Because of this, the cost of introducing a cache from here is much higher than the previous three because of the higher requirement for data consistency between the cache and the database.
This is probably the first time most of us programmers deliberately use caching. There are a lot of details about in-process and out-of-process caching that need to be addressed in a future article.
Out-of-process cache
You can even write your own program to store cached data that can be called remotely by other programs.
Again, we’ll talk about the details later, but here’s a few more tips on how to choose between Redis and memcached.
You can use Memcached if you are serious about resource utilization (CPU, memory, etc.), but your program needs to tolerate data loss because it is a pure memory mechanism. If you can’t tolerate this and are aggressive about resource utilization, you can use Redis. Redis also has a larger database structure. Memcached only has key values and is more like a NOSQL store.
Database cache
The database itself has its own cache module, otherwise it will not be called the memory killer, basically you give how much memory can eat how much.
The database cache is the internal mechanism of the database, which we won’t go into here. The configuration that sets the size of the cache space is usually given for you to intervene.
Finally, the disk itself has a cache. So you’ll find that it’s really hard to get data to write smoothly to a physical disk, and you never know when a disk “fast” enough that you don’t need to worry about caching will come to the rescue of us programmers.
Is cache Silver Bullet?
You might think that caching is so good, that more should be better, as long as it’s slow to cache?
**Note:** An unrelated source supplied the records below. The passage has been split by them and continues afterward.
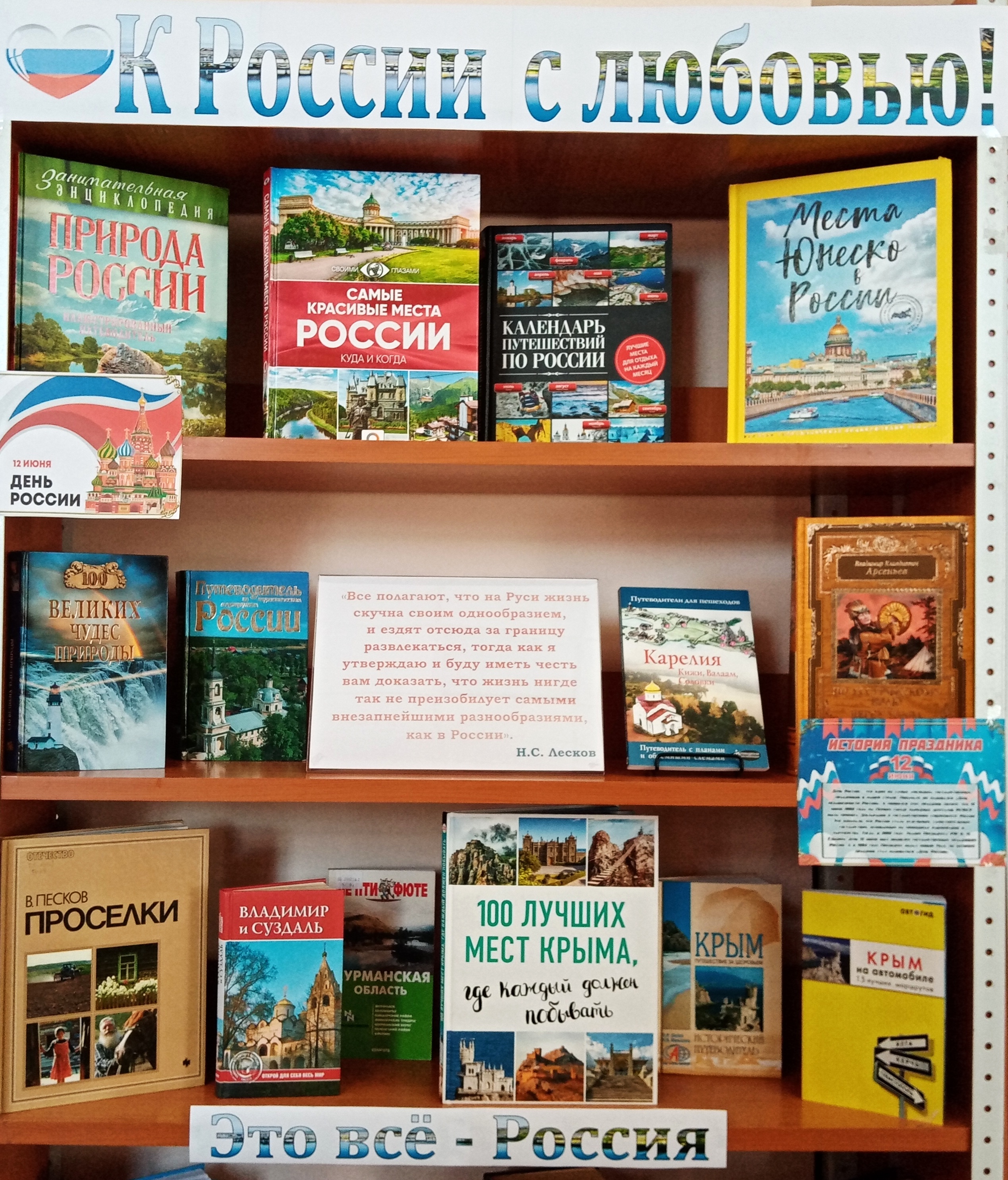 Друзья! В честь Дня России, который наша страна отмечает 12 июня, сотрудники абонемента библиотеки предлагают всем желающим отправиться в книгопутешествие по удивительным местам и городам нашей Родины. Ведь Россия необъятна, уникальна и полна настоящих чудес, о которых не все даже слышали. Тысячи городов Отчизны – самых красивых и исторически значимых – ждут Вас на страницах книг, представленных на выставке-путешествии.
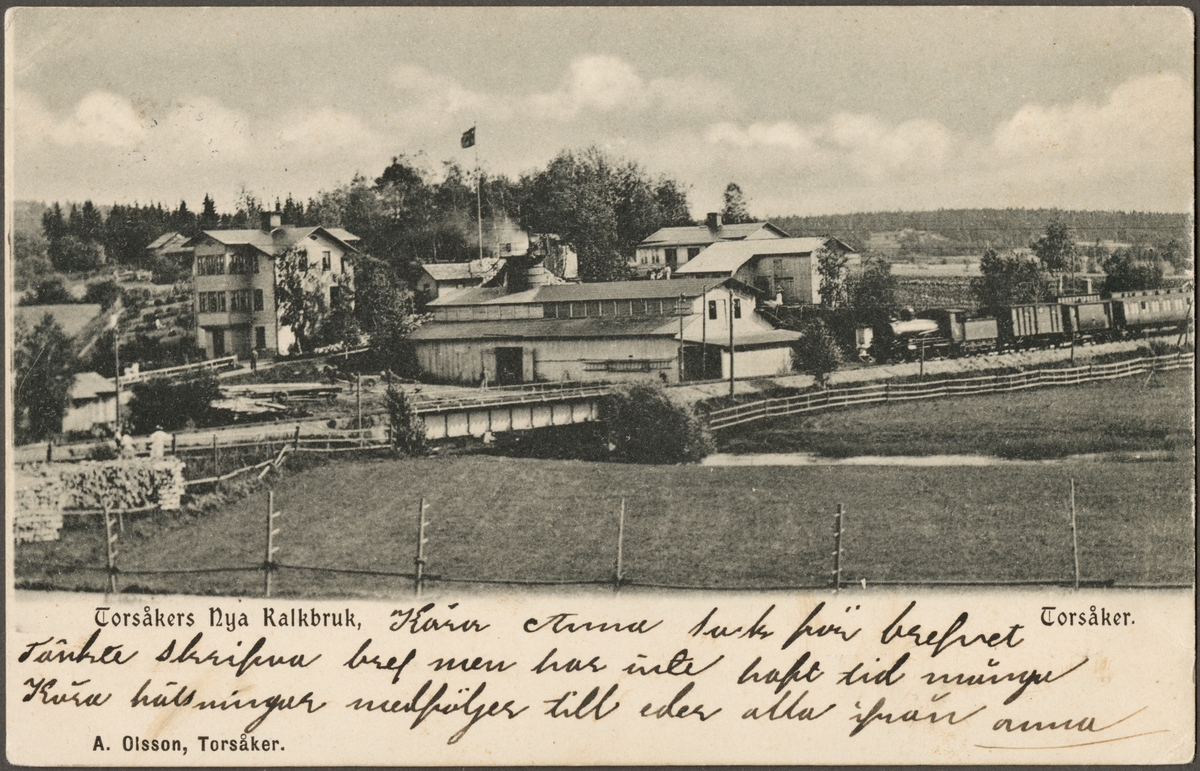 Titel: Vy över kalkbruk och järnväg.
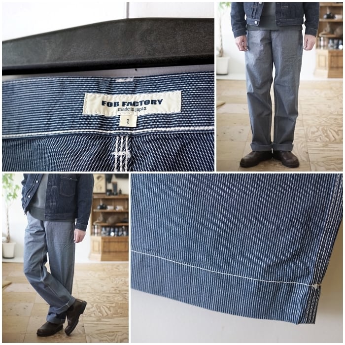 頑なに日本製にこだわるエフオービーファクトリーより、新作ヒッコリーストライプワークパンツのご紹介です。

No matter how good a thing looks, it has a negative side. Caching also has a number of side effects to consider. In addition to the cache updates and data consistency issues mentioned above, there are other issues such as:
1. Cache avalanche
2. Cache penetration
3. Cache concurrency
4. Cache bottomless pit
5. Cache obsolescence
6、…
And so on, these brother Z will be in the next article with you in-depth analysis.
conclusion
All right, so let’s wrap things up. This time, the IT Institute introduces you to three ways to use caching.
After that, several locations of the cache can be set up in a complete system, and share some experience about the use of browser cache, CDN cache, gateway (proxy) cache.